I obviously meant sketchy regarding certain aspects of Christian teaching,Church Government for instance.Other than qualifications for it's leaders,that is about all we have to go on.

As for Eastern Orthodox,they reject many of the Roman Orthodox's assertions,such as papal infallibility, Mary's immaculate conception and assumption,and purgatory. Other than the Iconoclasm controversy,and their views on free-will I find them quite Orthodox.

I do find many in the Reformed position wrong for rejecting Mary as the Theotokos,even R.C. Sproul embraces this I believe,simply because it emphasises Jesus Christ as being fully God and fully Man,and dispels any notion of Him being otherwise. Nestorius wanted her referred to, as simply Christotokos,which the Third Ecumenical Council of Ephesus rejected as heresy. Because it basically says that Jesus is two Persons,with two natures.

[Edited on 9-6-2005 by Denny]

[Edited on 9-6-2005 by Denny]


----------



## LadyFlynt (Sep 6, 2005)

I'll have to reover the last two posts later. And the brochure. I can say that conversion is NOT a painful process. MIL converted to Greek Orthodoxy awhile back and stayed for 5yrs. Even though she's since removed her membership and has moved to another state (and another church-anabaptist this time), she still comes every Labor Day for Greek Fest to dance with her friends. (okay, maybe THAT'S the painful part...they do tend to dance till their feet about fall off!)


----------



## Scott (Sep 6, 2005)

As in Roman Catholicism, there are a variety of views of tradition in the EO world. Some hold to the 2-source theory (i.e. revelation has been transmitted in two sources - written and oral). Others hold to what amounts to more of an interpretative tradition. The mind of the Church interprets the scriptures and these interpretations are the right ones. SOrt of like the way a court might interpret the constitution, except that the church, when acting universally, does not err as do our courts. Here is an article: On Church and Tradition. It is by Georges Florovsky, who is one of the most respected EO theologians of the 20th century. You will note that he even criticizes the 2-source view.


----------



## Scott (Sep 6, 2005)

"And highlighted more prominant conversions of people such as Peter Gillquist,who once was head of Campus Crusade for Christ,and of course in another article in the same paper , highlighted Franky Schaeffer,Francis Schaeffer's son,converted to Orthodoxy a few years back,so I think it is not quite as rare as you may think it is."

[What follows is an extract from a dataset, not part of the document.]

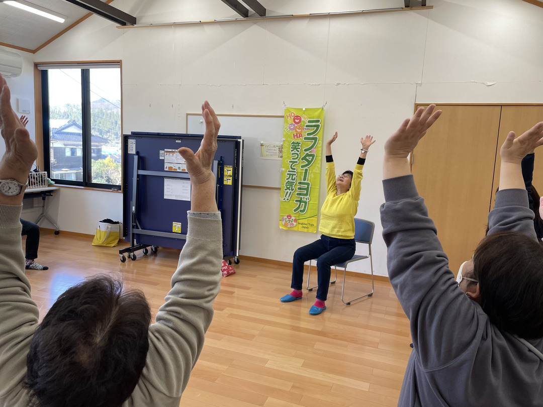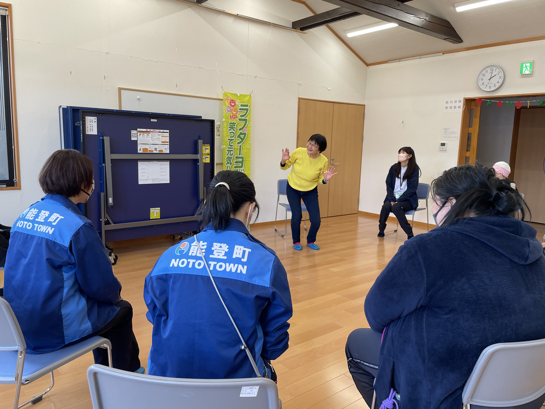 ラフターヨガとは、笑いと呼吸を組み合わせた健康体操です。避難者は、笑いながら手拍子と掛け声に合わせ身体を動かし、楽しい時間を過ごしていました。避難者の笑顔から町の職員や赤十字のスタッフも元気をもらいました。

Schaeffer and Gilquist always come up. They are something of celebrities in EO circles. Yet they are still pretty minor and their conversions have not produced much of a wave of new converts. The fact that year after years these are the main guys mentioned is telling. 

In fact, Schaeffer is openly critical of a host of problems in EO: The Seduction of Orthodoxy. The ironic thing is that EO has some of the same problems that led him to search for an alternative to evangelicalism. In his conversion story he relates one reason that caused him to leave was the lukewarm nature of evangelicals. Well, he finds that EO suffers the same problems (often they are ethnic social clubs with little spirituality). For a book-length version of Schaeffer's criticisms , see his Letters to Father Aristotle. 

[Edited on 9-6-2005 by Scott]


----------



## Scott (Sep 6, 2005)

Denny' article is interesting. A couple of the more interesting facts:

> About 80 percent of its converts come from evangelical and charismatic backgrounds, 20 percent from mainline denominations. 

> About 78 percent of clergy in the Antiochian Church are converts, up from 10 to 15 percent 25 years ago. Nearly half of the students in America's two largest Orthodox seminaries are converts. 

> "Conversion to Orthodoxy often begins with an intellectual quest, Mr. Shinn said."

On the third point, I have heard allot of EO conversion stories and this does seem to be a common element. This is an interesting contrast to evangelicalism. People often convert to evangelicalism from unbelief or liberal Christianity and do so for reasons that this offer meaning to life, the zeal of the adherents, etc. In spite of apologetic efforts, it seem rare for people to become evangelical for intellectual reasons.

[Edited on 9-6-2005 by Scott]


----------